What I have done so far:

  • installed ich777s AMD Vendor Reset plugin
  • adjusted the macOS VM xml to use the GPU as a multifunction device
  • added VTI=12 to boot-args

I didn't append "pcie_no_flr=1022:149c,1022:1487" since my system does not have any PCI devices with that address

 

The crash completely freezes the system, so I am not able to generate a diagnostics file AFTER starting a VM following a macOS shutdown.

But I used unraid's console window to capture this final error which is repeated infinitely:

 

Mar 8 11:40:53 BadBoysUncle kernel: DMAR: Invalidation Time-out Error (ITE) cleared
Mar 8 11:40:53 BadBoysUncle kernel: DMAR: VT-d detected Invalidation Time-out Error: SID 0
Mar 8 11:40:53 BadBoysUncle kernel: DMAR: QI HEAD: Device-TLB Invalidation qw0 = 0x50000000003, qw1 = 0x87fff001
Mar 8 11:40:53 BadBoysUncle kernel: DMAR: QI PRIOR: Invalidation Wait qw0 = 0x200000025, qw1 = 0x1001510cc

 

I also attached a diagnostics file that has been created after a shutdown of the macOS VM.

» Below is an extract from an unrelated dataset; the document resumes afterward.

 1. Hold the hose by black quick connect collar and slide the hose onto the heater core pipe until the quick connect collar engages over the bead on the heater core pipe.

Maybe someone is able to help. Thanks, d.

badboysuncle-diagnostics-20220308-1008.zip

Link to comment

Hi,

your syslog ends with something related to the gnif patch logged.

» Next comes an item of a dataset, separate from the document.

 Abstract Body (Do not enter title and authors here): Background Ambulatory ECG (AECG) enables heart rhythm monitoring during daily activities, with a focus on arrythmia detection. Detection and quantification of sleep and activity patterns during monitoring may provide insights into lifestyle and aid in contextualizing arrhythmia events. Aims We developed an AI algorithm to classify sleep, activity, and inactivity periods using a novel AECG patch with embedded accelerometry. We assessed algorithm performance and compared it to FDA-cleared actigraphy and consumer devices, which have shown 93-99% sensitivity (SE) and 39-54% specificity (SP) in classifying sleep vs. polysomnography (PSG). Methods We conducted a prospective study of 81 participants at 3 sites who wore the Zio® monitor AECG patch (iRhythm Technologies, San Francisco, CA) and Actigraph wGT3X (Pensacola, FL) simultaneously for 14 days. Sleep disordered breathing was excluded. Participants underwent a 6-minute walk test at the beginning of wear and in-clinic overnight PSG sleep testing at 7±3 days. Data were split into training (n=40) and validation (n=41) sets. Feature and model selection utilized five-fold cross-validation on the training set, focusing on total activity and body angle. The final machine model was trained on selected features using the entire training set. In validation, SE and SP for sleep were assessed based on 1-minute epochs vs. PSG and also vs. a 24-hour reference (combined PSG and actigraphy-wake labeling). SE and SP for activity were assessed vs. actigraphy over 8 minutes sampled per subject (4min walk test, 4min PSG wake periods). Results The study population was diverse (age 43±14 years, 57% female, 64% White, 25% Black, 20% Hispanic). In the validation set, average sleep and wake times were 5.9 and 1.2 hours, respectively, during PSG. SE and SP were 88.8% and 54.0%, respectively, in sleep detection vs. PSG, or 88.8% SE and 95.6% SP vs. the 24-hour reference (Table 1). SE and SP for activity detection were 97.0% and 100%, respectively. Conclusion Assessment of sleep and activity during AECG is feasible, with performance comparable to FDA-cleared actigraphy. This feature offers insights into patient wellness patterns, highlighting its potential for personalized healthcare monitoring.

Also your qemu log reports something related to 05:00.1 not being able to reset:

2022-03-08T09:08:25.543430Z qemu-system-x86_64: vfio: Cannot reset device 0000:05:00.1, no available reset mechanism.

 

On gnif github I remember I read some users complaining that on some gpus (5000 series if I remember well) audio reset wasn't working properly**.

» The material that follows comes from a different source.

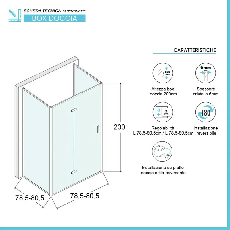 Box doccia 3 lati 80x80x80 cm caratteristiche tecniche:

Since your 05:00.1 is gpu digital audio, can you try to passthrough only the video without the audio (keeping it attached to vfio at boot) to the vm and see if it crashes?

From this:

    <hostdev mode='subsystem' type='pci' managed='yes'>
      <driver name='vfio'/>
      <source>
        <address domain='0x0000' bus='0x05' slot='0x00' function='0x0'/>
      </source>
      <address type='pci' domain='0x0000' bus='0x03' slot='0x00' function='0x0' multifunction='on'/>
    </hostdev>
    <hostdev mode='subsystem' type='pci' managed='yes'>
      <driver name='vfio'/>
      <source>
        <address domain='0x0000' bus='0x05' slot='0x00' function='0x1'/>
      </source>
      <address type='pci' domain='0x0000' bus='0x03' slot='0x00' function='0x1'/>
    </hostdev>

 

To this:

    <hostdev mode='subsystem' type='pci' managed='yes'>
      <driver name='vfio'/>
      <source>
        <address domain='0x0000' bus='0x05' slot='0x00' function='0x0'/>
      </source>
      <address type='pci' domain='0x0000' bus='0x03' slot='0x00' function='0x0'/>
    </hostdev>

 

------

2 hours ago, disco4000 said:

and also works fine with a Monterey VM on a Proxmox Server

 

This may be helpful, how do you run it?Any vendor reset patch?Which version?ich777 patch should be version 1.1

 

**Update:

here a link:

https://github.com/gnif/vendor-reset/issues/29

Edited by ghost82
Link to comment

OK, after intensive testing this morning I ended up removing the multifunction config and uninstalling the Vendor Reset plugin.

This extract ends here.